Data from The Economic Policy Institute show that at an average annual cost of $13,616, infant child care is more expensive than the average annual price of college tuition in Oregon – $10,363.
“Once you have a second kid, it’s easily more than most folks’ mortgage,” Johns said.
For Luisa Bernal, a mom who works a minimum-wage job in Portland, the cost of child care forced her to make an extremely difficult decision.
“I just woke up one Sunday and I told my son, okay, we’re flying to California. You’re going to stay with grandma for a few months,” she said.
That was in March 2020. She tried to bring him back in September, but at the time she was renting a single bedroom in a house. The house was infested with rats, she said. It wasn’t a safe environment for her son. She had to send him back to her mother in Los Angeles.
Since then, Bernal reapplied and was approved for county child care assistance. When she spoke to KOIN 6 News on April 25, 2021, she said her son was coming back to live with her in a few weeks.
Still, the separation took a toll on her.
“I was so angry. I was so depressed. I would come from work and just stare at my TV just hours until I snap out of it and it’s 11 o’clock,” she said. “That was my daily routine this whole year.”
School closures and the lack of child care aren’t the only two things restricting women’s return to the workforce. Career experts like Dempsey from Dress for Success say many women also struggle with a lack of resources needed to do things like work remotely during the pandemic.
“A lot of our clients don’t necessarily have home office setups and for women who used to rely on places like libraries and community centers for their primary access to technology, they may be really having to increase their wifi capability in their home,” she said.
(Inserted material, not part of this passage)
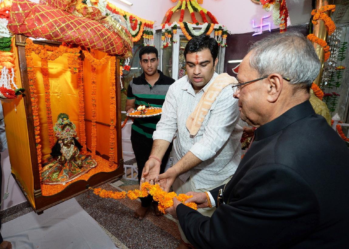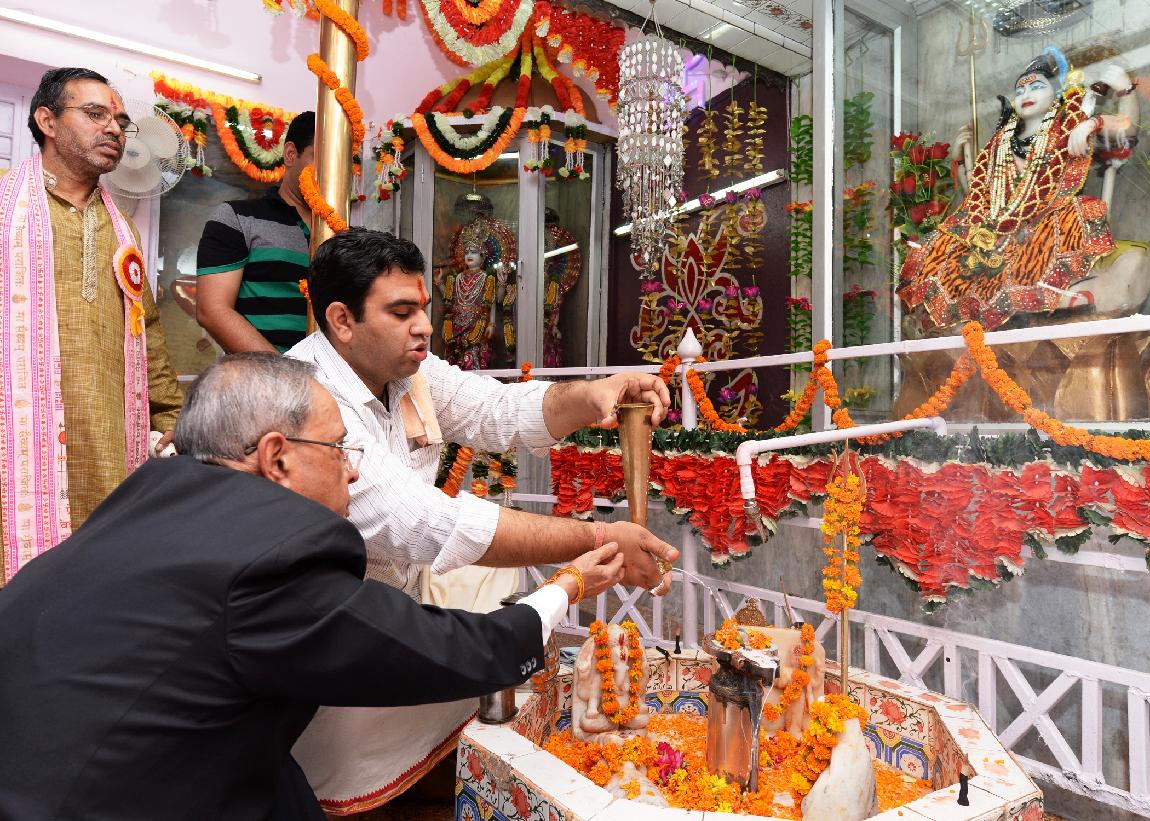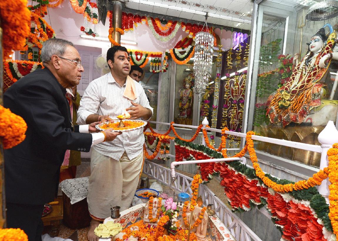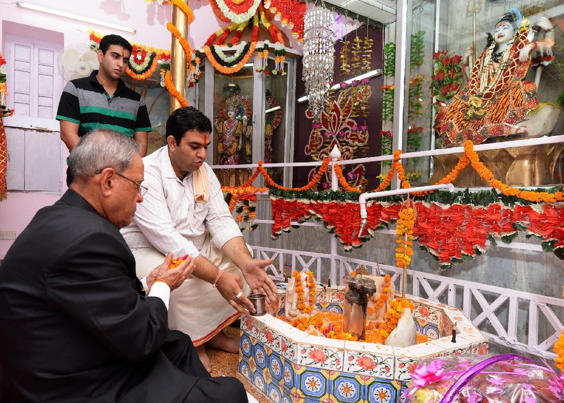 | Caption: | The President of India, Shri Pranab Mukherjee visiting at Shiv Mandir on the occasion of Janamashtami at President's Estate in New Delhi on August 18, 2014 |
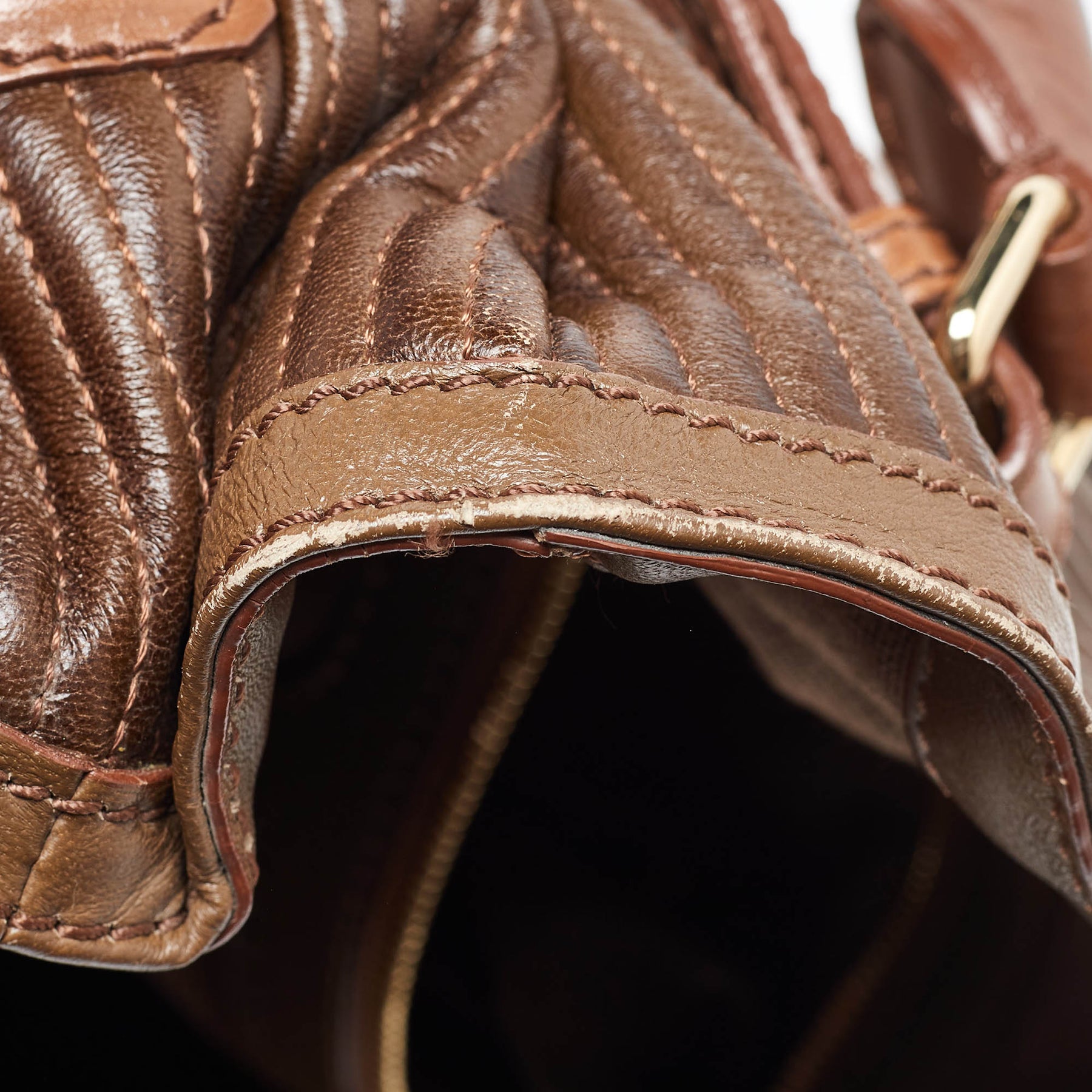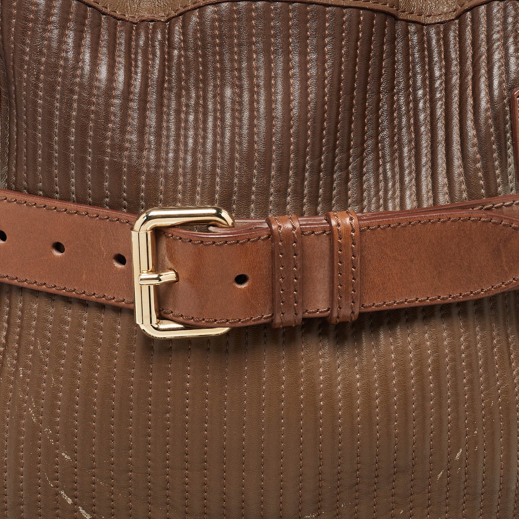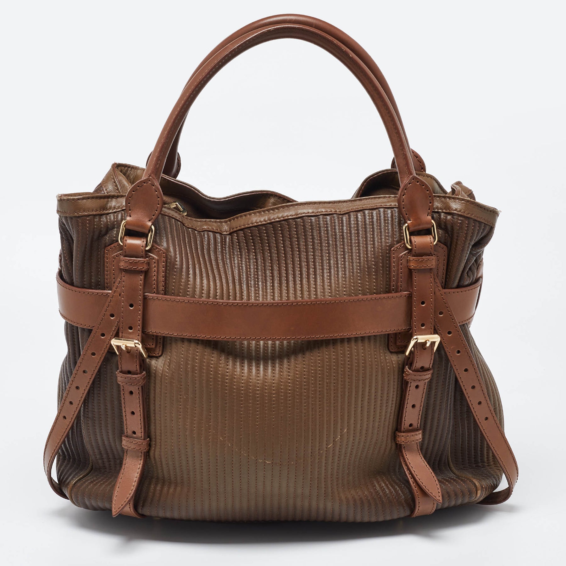 BURBERRY Two Tone Brown Leather Stitched Bridle Tote

Women who lost jobs in the leisure and hospitality industries have limited options, if they want to return to that sector. Oregon Employment Department data show the number of leisure and hospitality jobs in the state in April 2021 is down about 19% from February 2020.
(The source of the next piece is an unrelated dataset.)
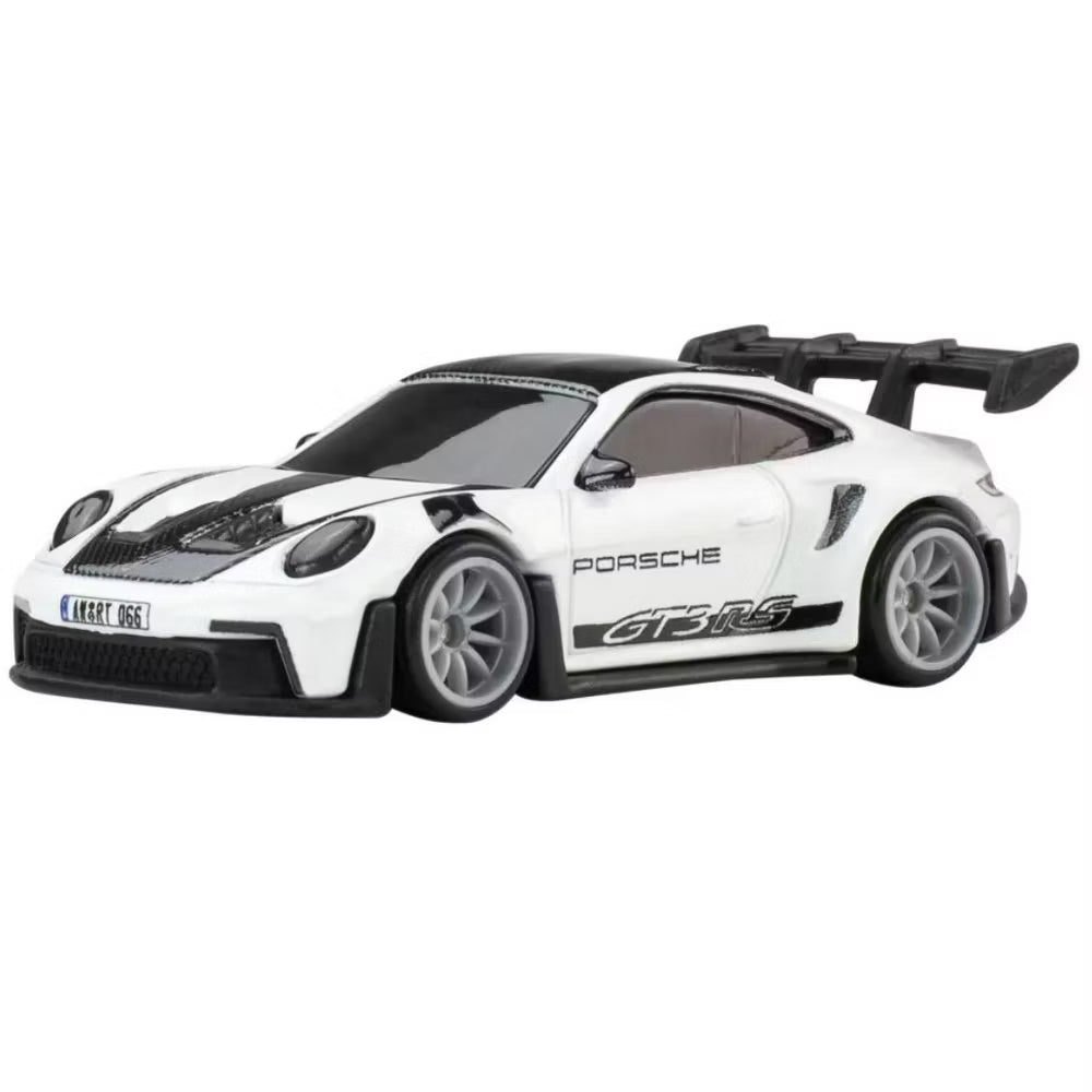 This Hot Wheels Premium release captures the aggressive stance and race-bred DNA of the Porsche 911 GT3 RS with exceptional detail. Featuring Real Riders rubber tires on premium wheels, metal body construction, and authentic Gran Turismo livery, this casting represents the pinnacle of 1:64 scale craftsmanship. The GT3 RS's signature rear wing, vented hood, and racing graphics are faithfully reproduced.

Dempsey said women she’s spoken to are also afraid to go back to an industry where workplaces might open and close again as risk levels throughout the state change.
“If you’re 50 years old and you’ve worked in the restaurant industry your whole life… to not only lose your job, which is always going to be devastating, but to not know when that industry is even going to be hiring again, is a really scary prospect,” she said.
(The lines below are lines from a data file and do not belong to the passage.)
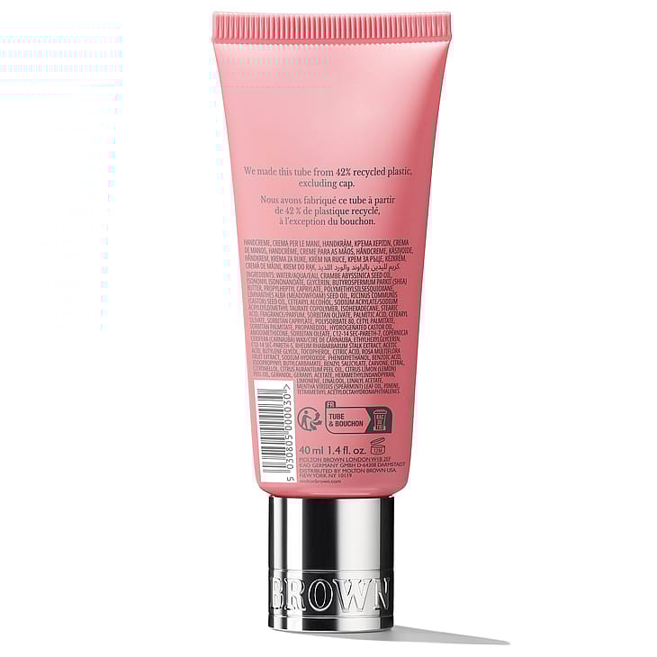 En luksuriøst fugtende håndcreme med sød rabarber, rosenblomst og energigivende citrusnoter.
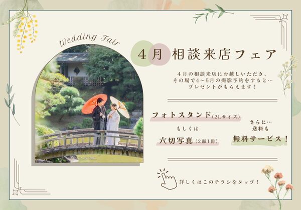 【4月】ご相談来店フェア❀成約特典は2つのプレゼント! 千葉店では水曜日を除く毎日『ご相談来店フェア』を行っております!4月中にご相談来店としてお越し頂きその場で4~5月の撮影予約をすると…選べるプレゼントがもらえます!プレゼント①フォトスタンド(2Lサイズ)また...
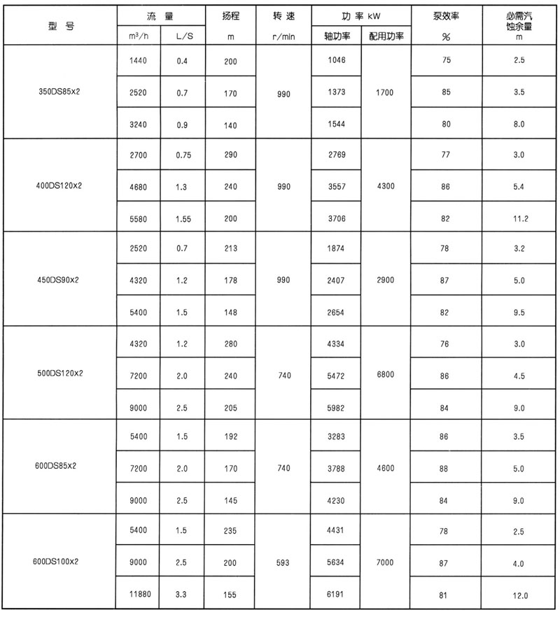 型號意義:以400DS-120×2為例 400-水泵進水口名義直徑(mm)DS一多級雙進口中開離心泵 120-水泵名義單級揚程(m) 2-水泵級數(shù)

Dempsey said she’s also seeing women in their 50s who were laid off from jobs they’ve held for over a decade. She said figuring out how to apply for and get jobs right now can be scary for them.
She’s also noticed that women are looking for jobs with more flexibility. If their kids do go back to day care or school, moms say there’s always the chance their child will have a runny nose one day and will be expected to stay home and quarantine.
While women’s job losses might be on the forefront of people’s minds right now, Dempsey fears women’s careers could see the effects of this pandemic long after it’s over.
“There are a lot of challenges,” she said. “It’s going to take all of us to make sure women don’t lose ground as a result of this economic recession.”